Comment by imiric

1 month ago

> By the time you get to day two, each turn costs tens of thousands of input tokens

This behavior surprised me when I started using LLMs, since it's so counterintuitive.

Why does every interaction require submitting and processing all data in the current session up until that point? Surely there must be a way for the context to be stored server-side, and referenced and augmented by each subsequent interaction. Could this data be compressed in a way to keep the most important bits, and garbage collect everything else? Could there be different compression techniques depending on the type of conversation? Similar to the domain-specific memories and episodic memory mentioned in the article. Could "snapshots" be supported, so that the user can explore branching paths in the session history?
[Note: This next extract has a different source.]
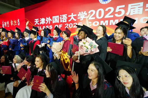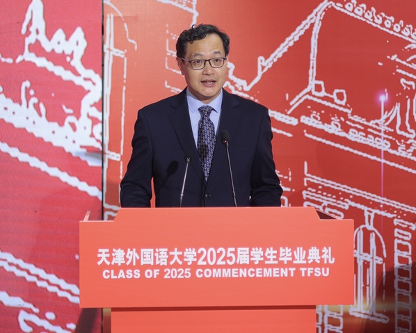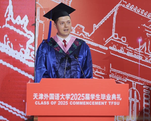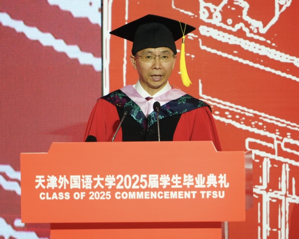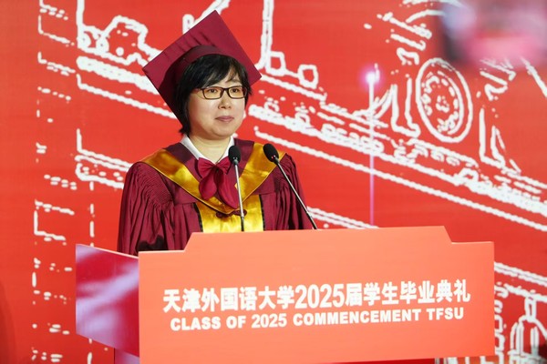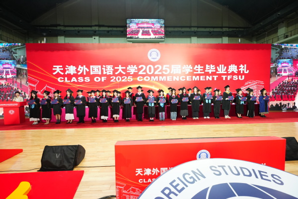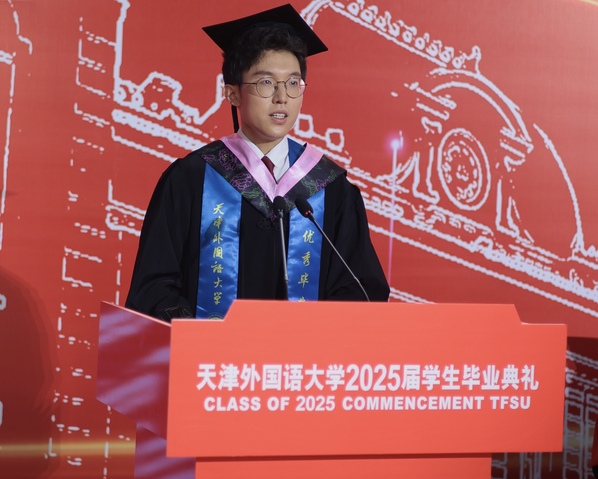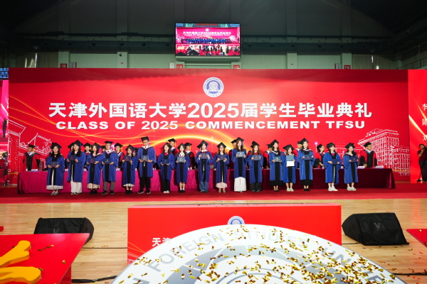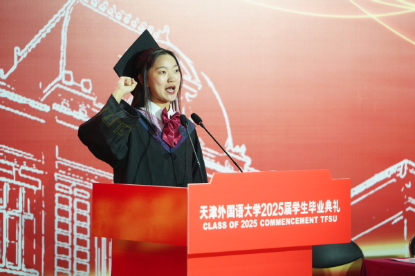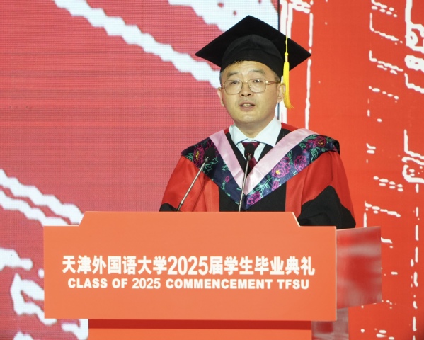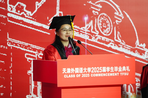 国际商学院吴晨阳、国际教育学院留学生小康代表2025届全体毕业生发言,深情款款,信心满怀。教师代表英语专业教师李媛霞的深情嘱托感动人心,许下跨越山海的重逢约定。我校1998届日语专业校友、上海和泰丰田叉车有限公司总经理、DAJIANG.COM_大江(中国)上海校友会会长、上海市天津商会理事胡海涯勉励毕业生带着勇气前行,坚持自己的理想,书写属于自己的人生篇章。

Some of this is possible by manually managing context, but it's too cumbersome.

Why are all these relatively simple engineering problems still unsolved?

7 comments

imiric

iamjackg 1 month ago

It's not unsolved, at least not the first part of your question. In fact it is a feature offered by all main LLM providers!
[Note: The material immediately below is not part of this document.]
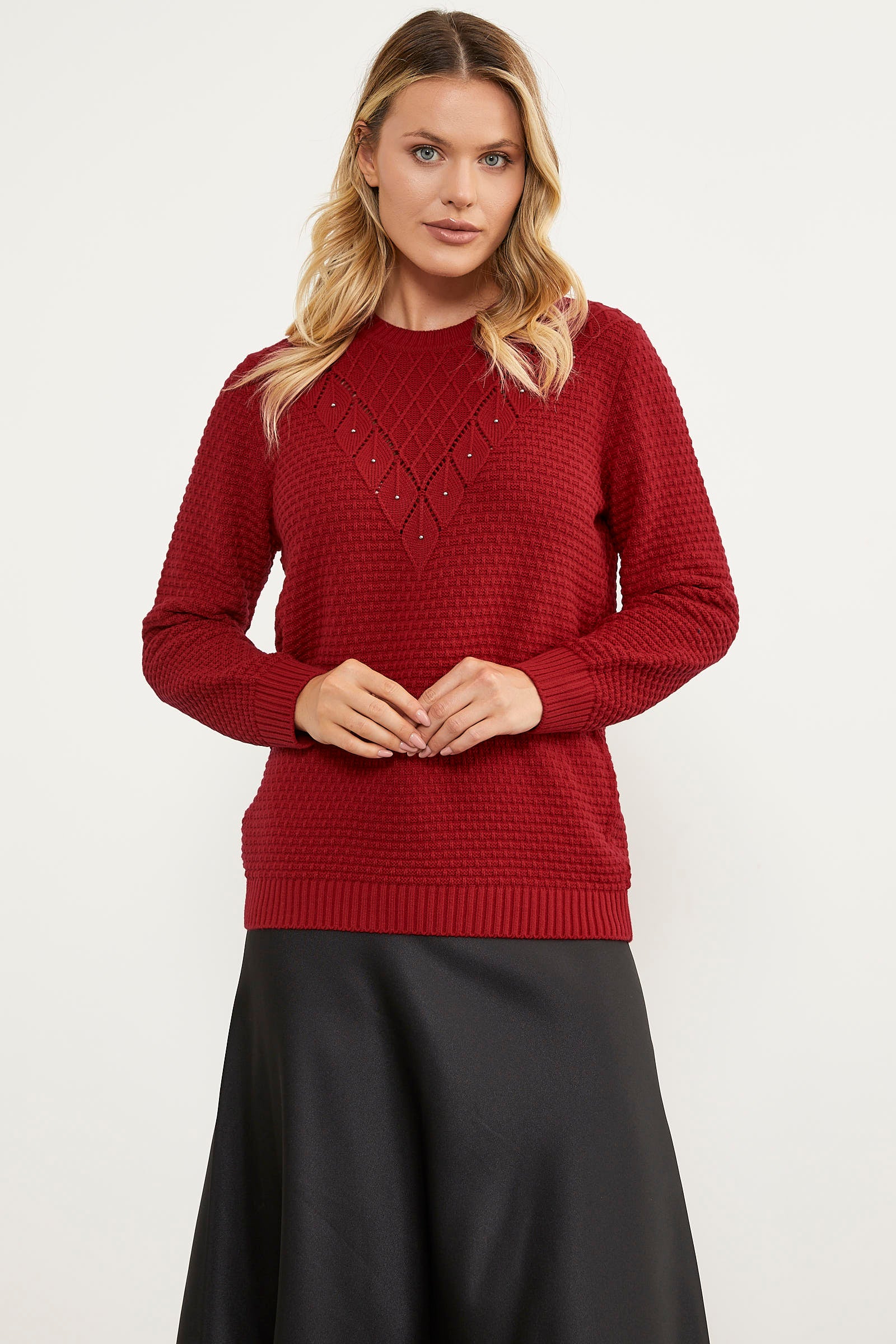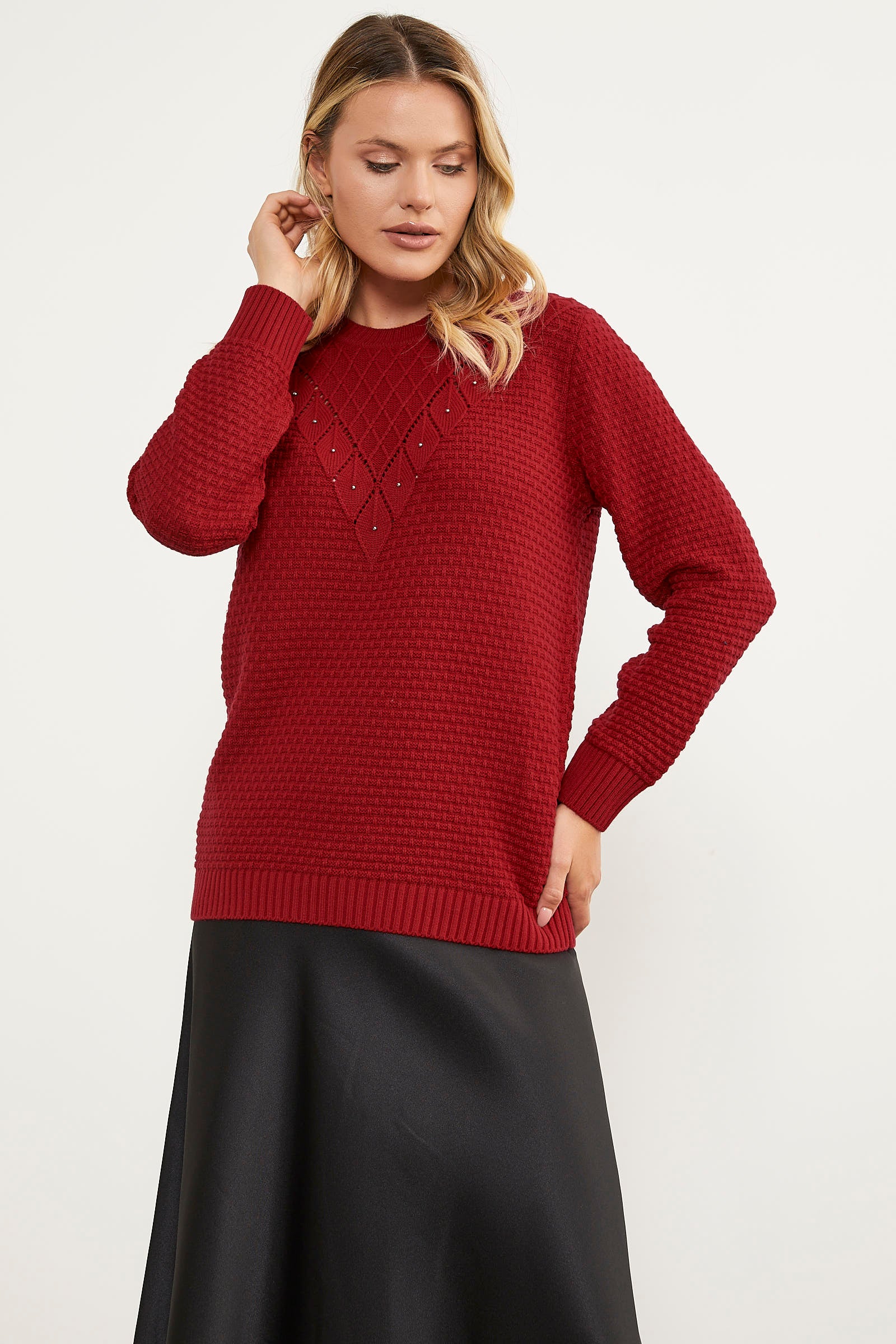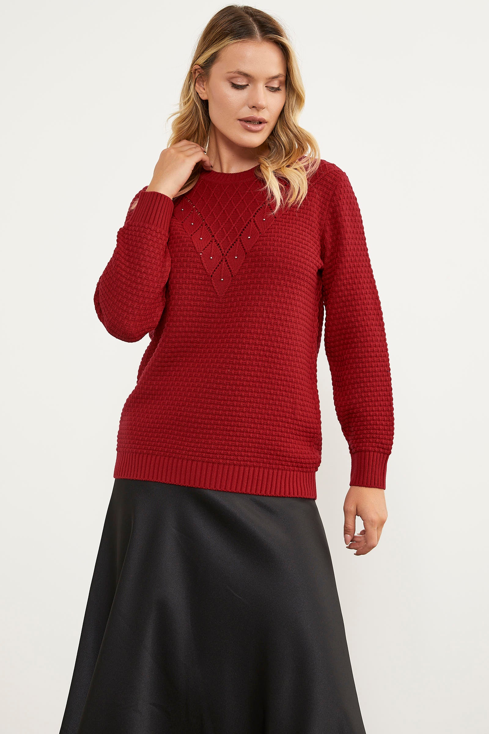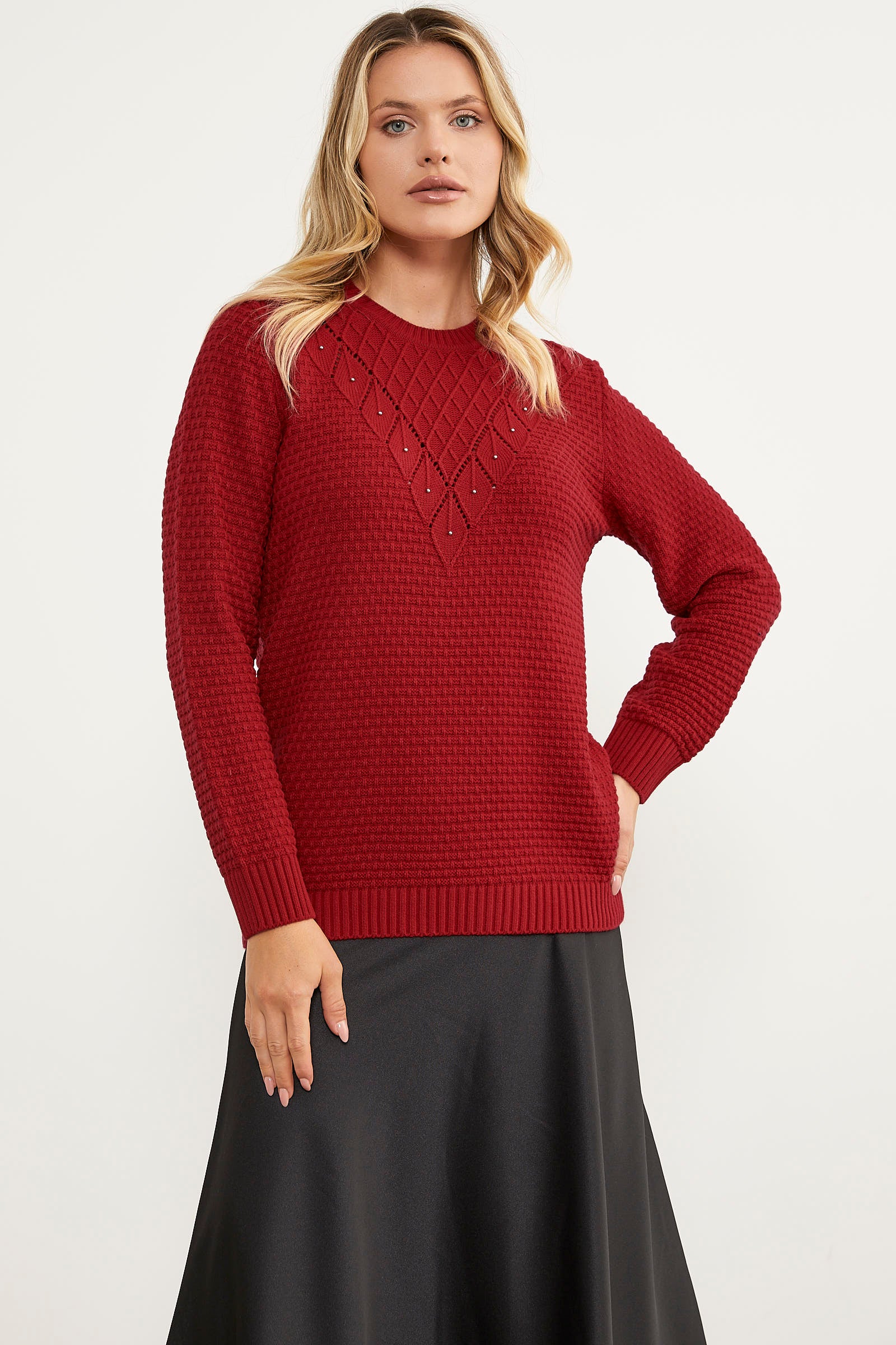 Yaprak Motif Petek Örgü Triko Kazak - Kırmızı

- https://platform.openai.com/docs/guides/prompt-caching

- https://platform.claude.com/docs/en/build-with-claude/prompt...
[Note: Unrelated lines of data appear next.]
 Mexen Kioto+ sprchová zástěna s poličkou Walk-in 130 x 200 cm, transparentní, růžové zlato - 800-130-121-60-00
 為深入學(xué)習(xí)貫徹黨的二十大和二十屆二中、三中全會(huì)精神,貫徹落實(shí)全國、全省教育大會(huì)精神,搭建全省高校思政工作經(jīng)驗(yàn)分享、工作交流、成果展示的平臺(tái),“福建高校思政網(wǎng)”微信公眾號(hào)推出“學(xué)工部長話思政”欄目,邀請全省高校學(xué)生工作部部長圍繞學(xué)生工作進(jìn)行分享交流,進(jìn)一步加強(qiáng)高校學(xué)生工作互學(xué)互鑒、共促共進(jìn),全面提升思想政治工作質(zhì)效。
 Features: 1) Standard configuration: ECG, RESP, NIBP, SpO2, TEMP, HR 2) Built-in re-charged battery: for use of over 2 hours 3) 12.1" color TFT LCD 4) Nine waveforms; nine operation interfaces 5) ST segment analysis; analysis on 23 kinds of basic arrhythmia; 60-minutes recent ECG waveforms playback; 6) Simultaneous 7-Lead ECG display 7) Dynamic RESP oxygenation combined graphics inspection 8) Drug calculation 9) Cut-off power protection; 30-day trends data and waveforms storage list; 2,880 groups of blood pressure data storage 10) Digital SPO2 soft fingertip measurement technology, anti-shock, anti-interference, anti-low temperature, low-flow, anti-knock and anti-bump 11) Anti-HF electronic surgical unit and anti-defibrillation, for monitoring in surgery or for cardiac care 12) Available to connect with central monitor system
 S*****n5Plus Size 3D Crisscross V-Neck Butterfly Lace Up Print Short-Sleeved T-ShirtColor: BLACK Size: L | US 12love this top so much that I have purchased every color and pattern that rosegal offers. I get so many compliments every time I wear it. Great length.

- https://ai.google.dev/gemini-api/docs/caching

imiric 1 month ago
Ah, that's good to know, thanks.
But then why is there compounding token usage in the article's trivial solution? Is it just a matter of using the cache correctly?
- StevenWaterman 1 month ago
  
  Cached tokens are cheaper (90% discount ish) but not free
  
  2 replies →
igravious 1 month ago
dumb question, but is prompt caching available to Claude Code … ?
- stavros 1 month ago
  
  If you're using the API, yes. If you have a subscription, you don't care, as you aren't billed per prompt (you just have a limit).